For EUNX MENA - FZE, this policy is the cornerstone of a risk-intelligent ecosystem. It operationalizes VARA’s Regulatory Directives and UAE Federal AML-CFT Law (Decree No. 20/2018), translating complex mandates into actionable protocols. By integrating FATF’s risk-based approach, we aim to balance innovation with vigilance, fostering trust among regulators, clients, and stakeholders, ensuring that our platforms remain hostile to financial crime while accessible to legitimate users.
2.1 SCOPE
This policy governs every facet of EUNX MENA - FZE ’s virtual asset operations, extending beyond transactional oversight to encompass governance, technology, and third-party partnerships. Specifically, it applies to:
- Operational Activities: Brokerage services, over-the-counter (OTC) trading, custodial solutions, and cross-border transfers, including interactions with decentralized finance (DeFi) protocols.

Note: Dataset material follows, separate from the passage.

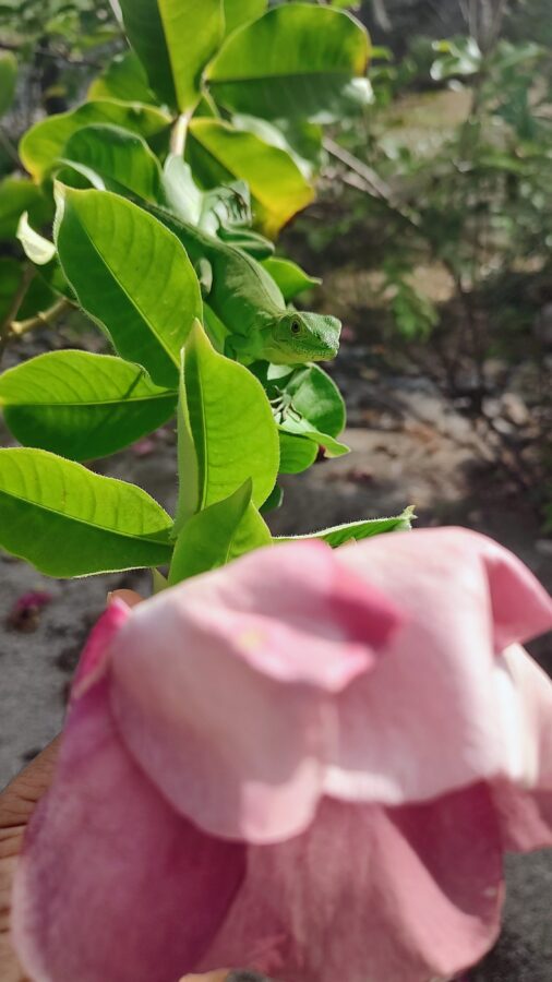 “Iguana verde camuflajeada entre las flores de mi jardín en Playa la Saladita“

- Personnel: All employees, contractors, and senior management, with specialized training modules for roles interfacing with high-risk clients or jurisdictions.
- Clients: Retail investors, institutional entities, and counterparty Virtual Asset Service Providers (VASPs), with risk-tiered due diligence protocols.
- Technological Infrastructure: Distributed ledger analytics tools (e.g., Chainalysis, Elliptic), AI-driven transaction monitoring systems, and multi-signature cold storage solutions.
2.2. OBJECTIVES
This policy is engineered to achieve the below interlinked strategic objectives:
- Risk Mitigation: Proactively identify and neutralize ML/TF/PF risks through a layered defense strategy, combining algorithmic surveillance, human intelligence, and regulatory foresight.
- Regulatory Compliance: Ensure adherence to VARA Rulebook Part III, UAE Federal AML/CFT laws (e.g. Federal Decree-Law No. 20/2018 and its amendments) the UAE Executive Office for Anti-Money Laundering and its guidelines, and FATF Recommendations.
- Operational Resilience: Embed compliance into the organizational DNA, from Board-level governance to frontline staff training, ensuring that risk management evolves alongside technological advancements.
- Prevent illicit use: Deter, detect and report any use of EUNX MENA - FZE’s services for ML, TF, PF or sanctions evasion, thereby safeguarding the financial system and EUNX MENA - FZE’s integrity.
- Training & awareness: Ensure ongoing training so all staff understand and can implement AML/CFT obligations.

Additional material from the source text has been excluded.